**MATERIALS PROVIDED:**
....

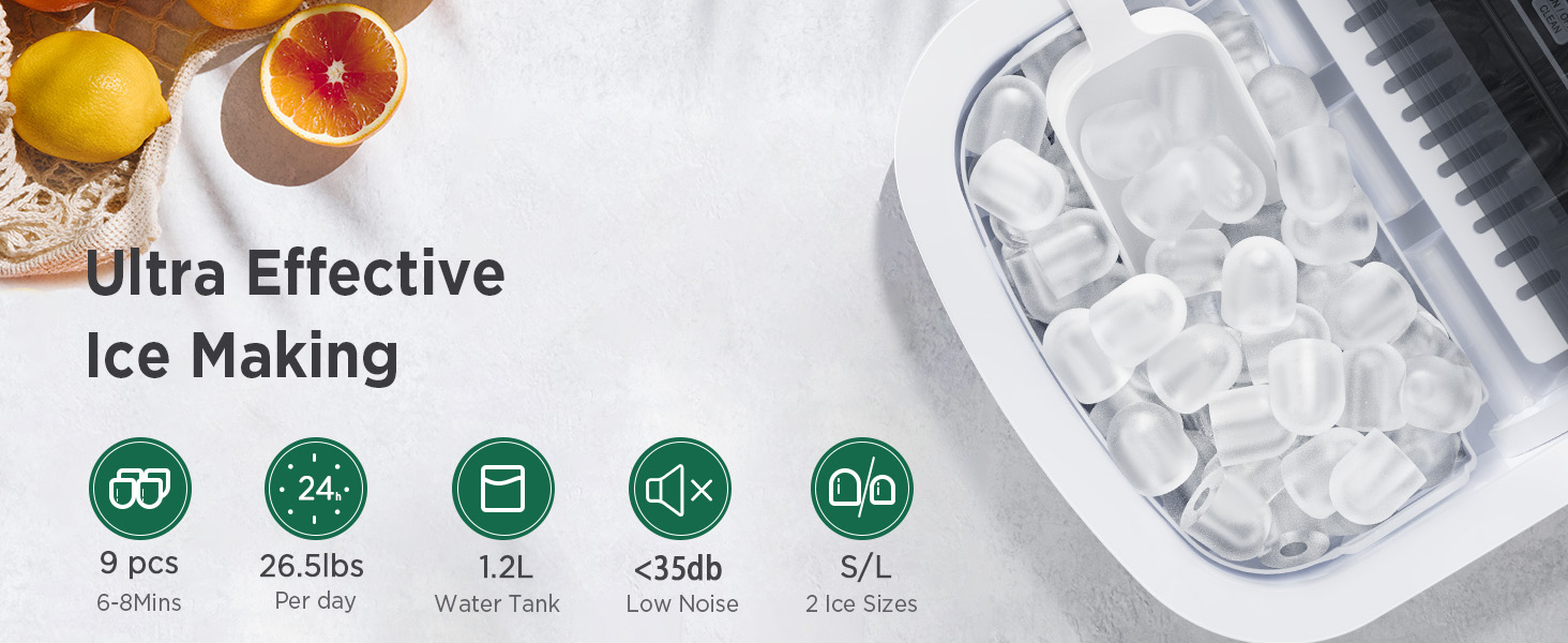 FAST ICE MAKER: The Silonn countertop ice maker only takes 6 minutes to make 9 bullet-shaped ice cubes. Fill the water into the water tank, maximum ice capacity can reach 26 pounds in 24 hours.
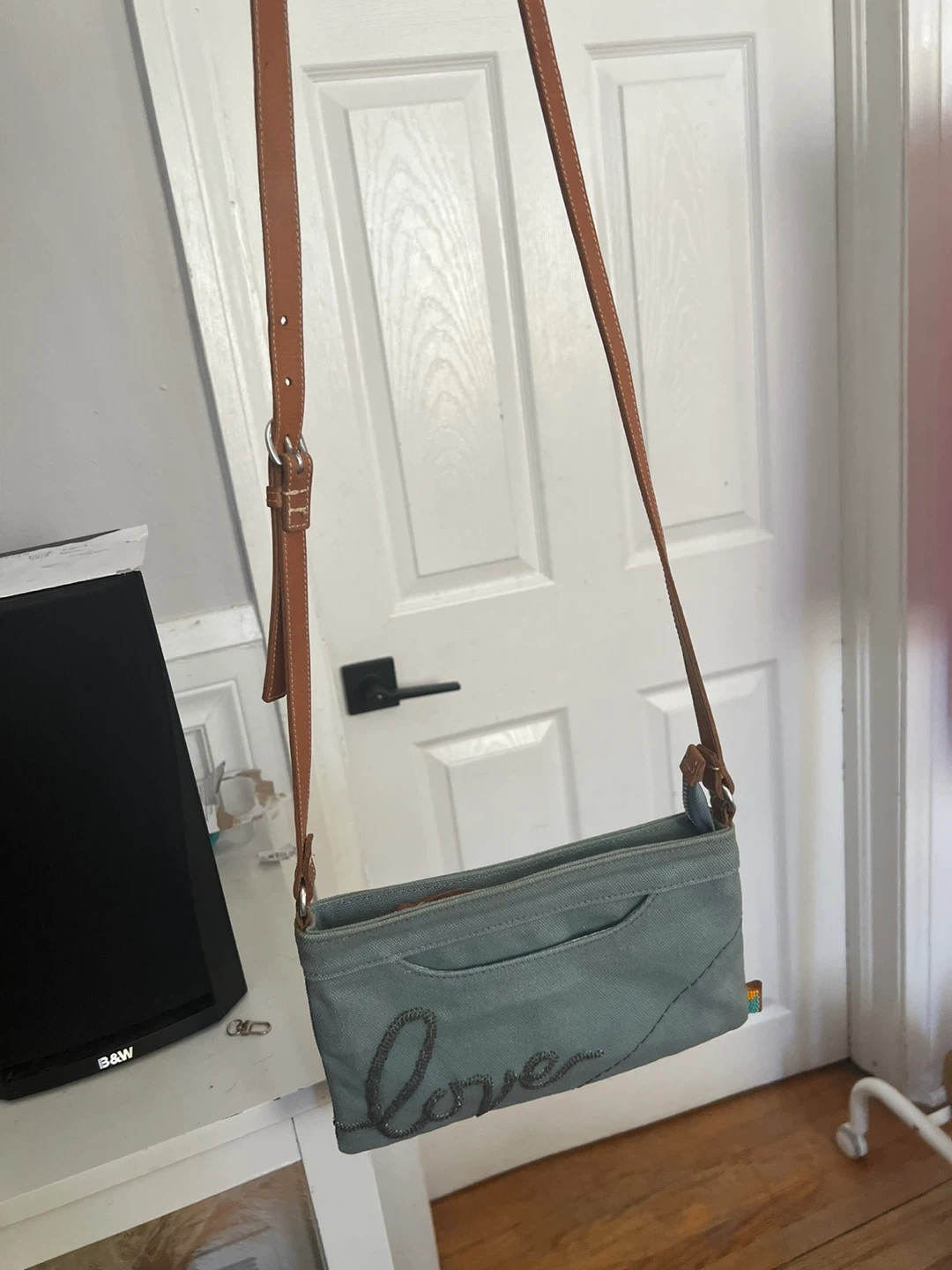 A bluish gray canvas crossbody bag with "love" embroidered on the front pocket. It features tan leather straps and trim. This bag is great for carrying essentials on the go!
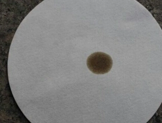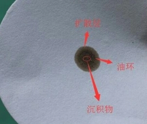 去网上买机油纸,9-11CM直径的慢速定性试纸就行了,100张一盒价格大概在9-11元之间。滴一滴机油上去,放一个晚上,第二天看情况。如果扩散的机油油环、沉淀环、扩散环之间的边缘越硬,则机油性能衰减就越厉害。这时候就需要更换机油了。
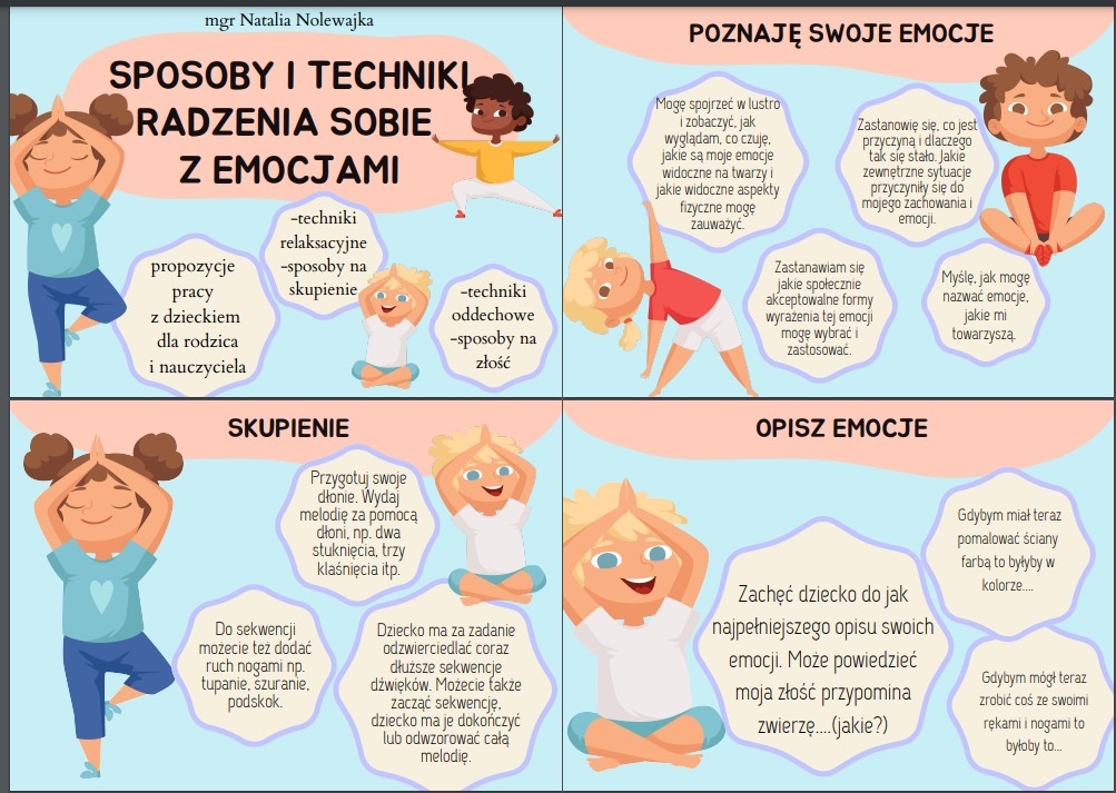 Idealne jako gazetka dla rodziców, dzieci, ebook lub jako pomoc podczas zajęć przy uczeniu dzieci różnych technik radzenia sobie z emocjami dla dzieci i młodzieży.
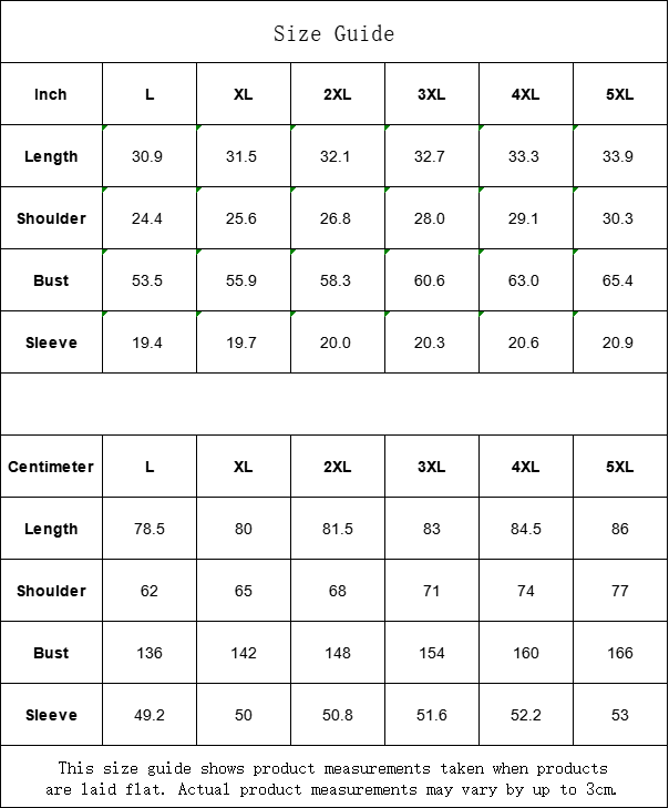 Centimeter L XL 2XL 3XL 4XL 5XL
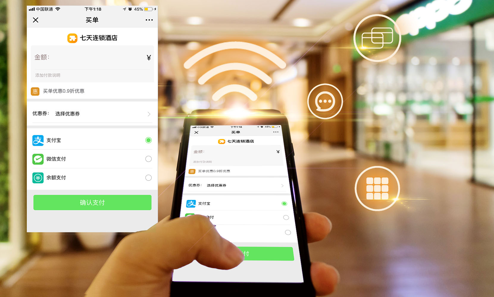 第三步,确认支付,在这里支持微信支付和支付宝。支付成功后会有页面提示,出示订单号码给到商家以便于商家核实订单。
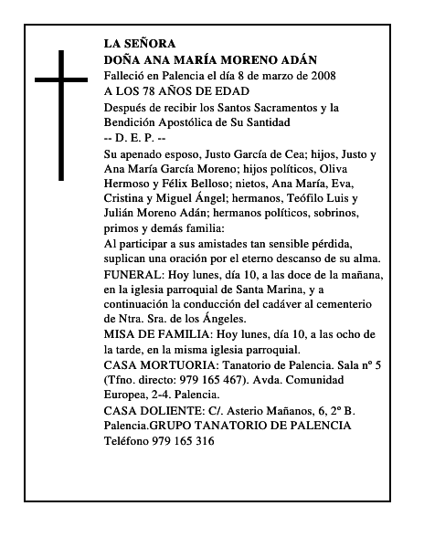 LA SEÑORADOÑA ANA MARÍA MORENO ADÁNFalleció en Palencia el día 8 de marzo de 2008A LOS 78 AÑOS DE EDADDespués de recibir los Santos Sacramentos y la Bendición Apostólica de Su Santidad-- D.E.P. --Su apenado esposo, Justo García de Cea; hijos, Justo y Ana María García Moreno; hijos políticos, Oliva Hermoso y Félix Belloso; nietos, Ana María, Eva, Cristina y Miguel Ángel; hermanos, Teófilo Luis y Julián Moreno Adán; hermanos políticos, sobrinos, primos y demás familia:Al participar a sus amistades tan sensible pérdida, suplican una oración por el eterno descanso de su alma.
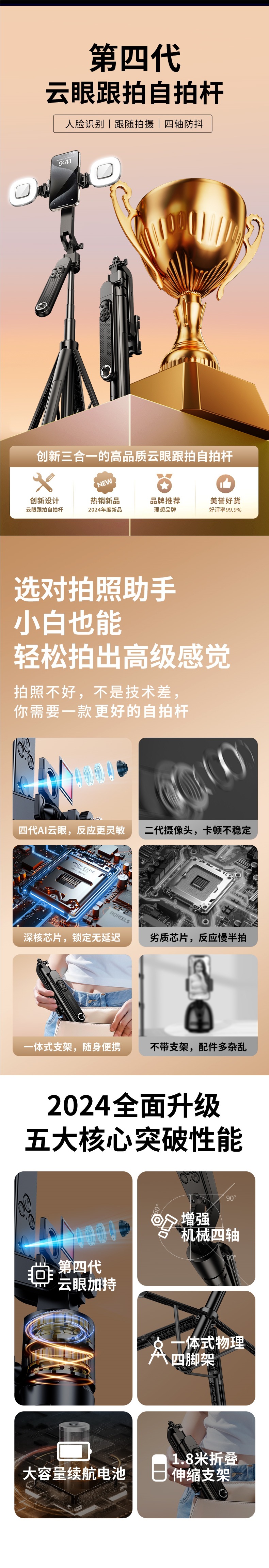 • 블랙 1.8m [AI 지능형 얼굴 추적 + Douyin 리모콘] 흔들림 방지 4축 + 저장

....

**INSTRUCTIONS FOR THE TASK:** The exact lines from the beginning of the data through the one that contains "Centimeter L XL 2XL 3XL 4XL 5XL" must be given again, both ends included, and pictures must be left out.

**OUTPUT OF THE TASK:**
 FAST ICE MAKER: The Silonn countertop ice maker only takes 6 minutes to make 9 bullet-shaped ice cubes. Fill the water into the water tank, maximum ice capacity can reach 26 pounds in 24 hours.
 A bluish gray canvas crossbody bag with "love" embroidered on the front pocket. It features tan leather straps and trim. This bag is great for carrying essentials on the go!
 去网上买机油纸,9-11CM直径的慢速定性试纸就行了,100张一盒价格大概在9-11元之间。滴一滴机油上去,放一个晚上,第二天看情况。如果扩散的机油油环、沉淀环、扩散环之间的边缘越硬,则机油性能衰减就越厉害。这时候就需要更换机油了。
 Idealne jako gazetka dla rodziców, dzieci, ebook lub jako pomoc podczas zajęć przy uczeniu dzieci różnych technik radzenia sobie z emocjami dla dzieci i młodzieży.
 Centimeter L XL 2XL 3XL 4XL 5XL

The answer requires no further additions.